Material supplied ::
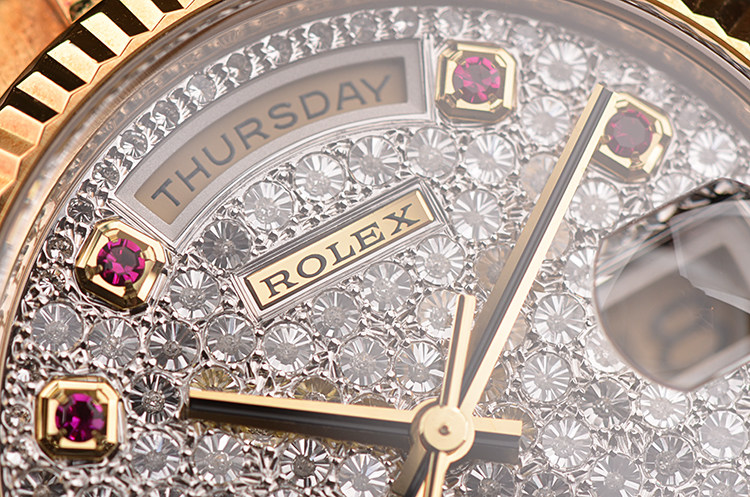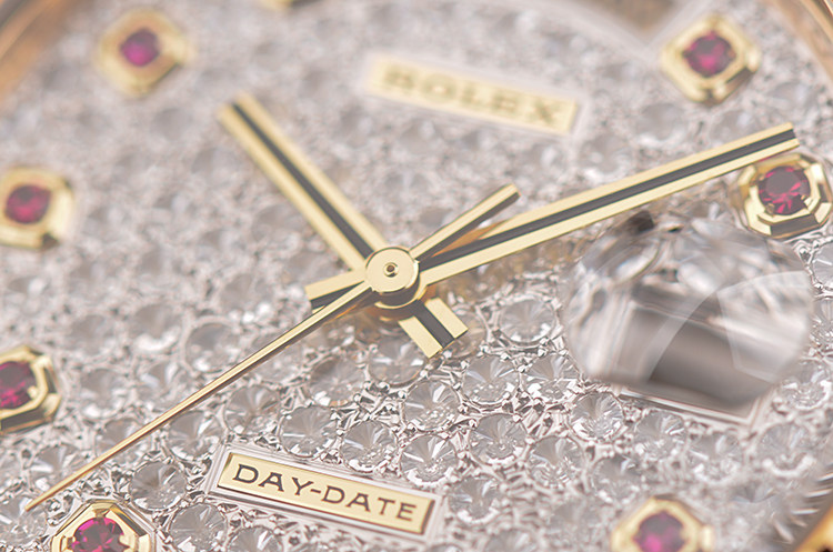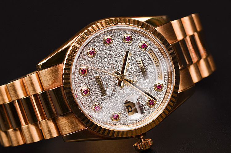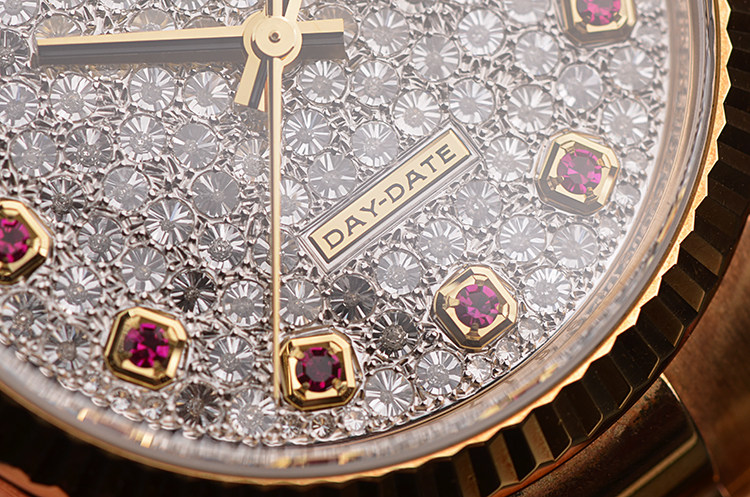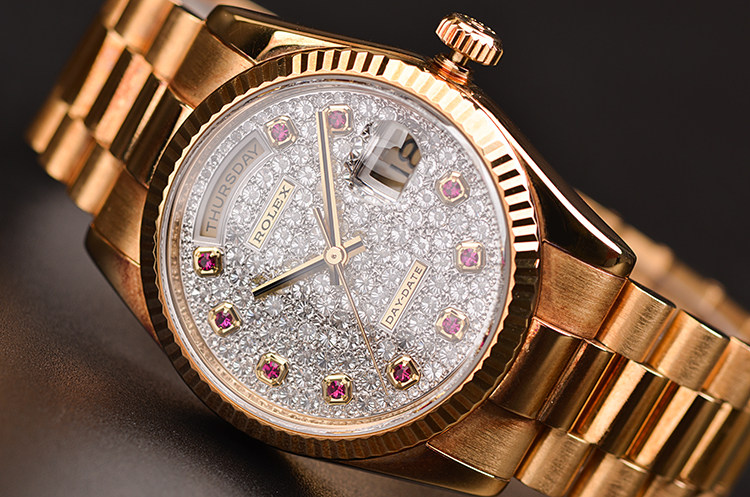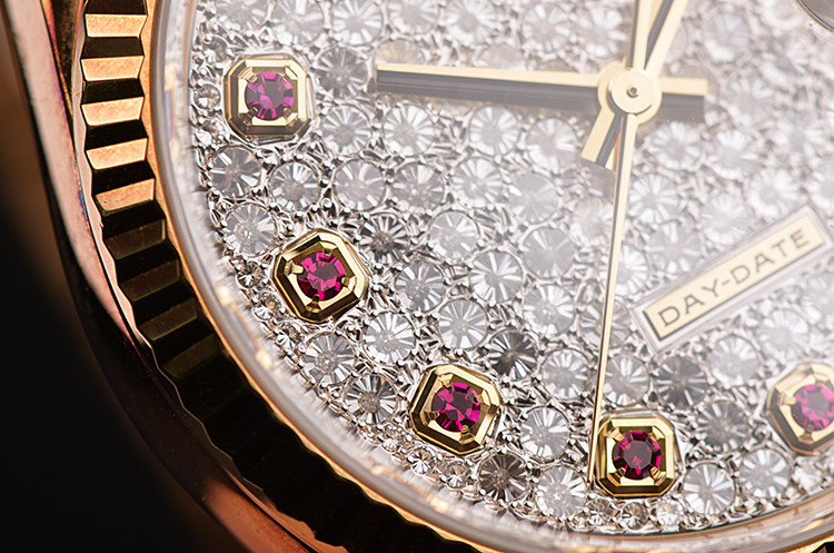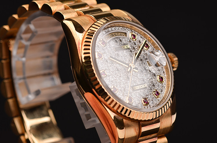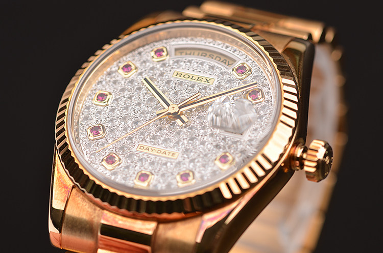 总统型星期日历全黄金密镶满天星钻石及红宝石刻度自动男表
...
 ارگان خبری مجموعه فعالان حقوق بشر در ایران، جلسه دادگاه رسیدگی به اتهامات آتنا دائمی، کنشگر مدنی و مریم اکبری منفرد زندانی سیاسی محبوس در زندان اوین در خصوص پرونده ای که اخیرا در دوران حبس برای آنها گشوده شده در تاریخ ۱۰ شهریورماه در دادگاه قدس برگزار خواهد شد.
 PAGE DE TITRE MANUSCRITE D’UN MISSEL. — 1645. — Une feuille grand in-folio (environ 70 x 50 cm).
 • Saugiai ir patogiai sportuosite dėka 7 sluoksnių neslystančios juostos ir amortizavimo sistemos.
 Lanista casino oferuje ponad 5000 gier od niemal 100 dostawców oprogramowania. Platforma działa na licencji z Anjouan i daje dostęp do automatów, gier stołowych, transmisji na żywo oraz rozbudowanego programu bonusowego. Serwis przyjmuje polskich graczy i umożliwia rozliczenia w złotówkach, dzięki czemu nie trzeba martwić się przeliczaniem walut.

Problem to work on :: The reply should consist solely of the lines above from the one that has "ارگان خبری مجموعه" through the one that has "PAGE DE TITRE", reproduced exactly.

Response box ::
 ارگان خبری مجموعه فعالان حقوق بشر در ایران، جلسه دادگاه رسیدگی به اتهامات آتنا دائمی، کنشگر مدنی و مریم اکبری منفرد زندانی سیاسی محبوس در زندان اوین در خصوص پرونده ای که اخیرا در دوران حبس برای آنها گشوده شده در تاریخ ۱۰ شهریورماه در دادگاه قدس برگزار خواهد شد.
 PAGE DE TITRE MANUSCRITE D’UN MISSEL. — 1645. — Une feuille grand in-folio (environ 70 x 50 cm).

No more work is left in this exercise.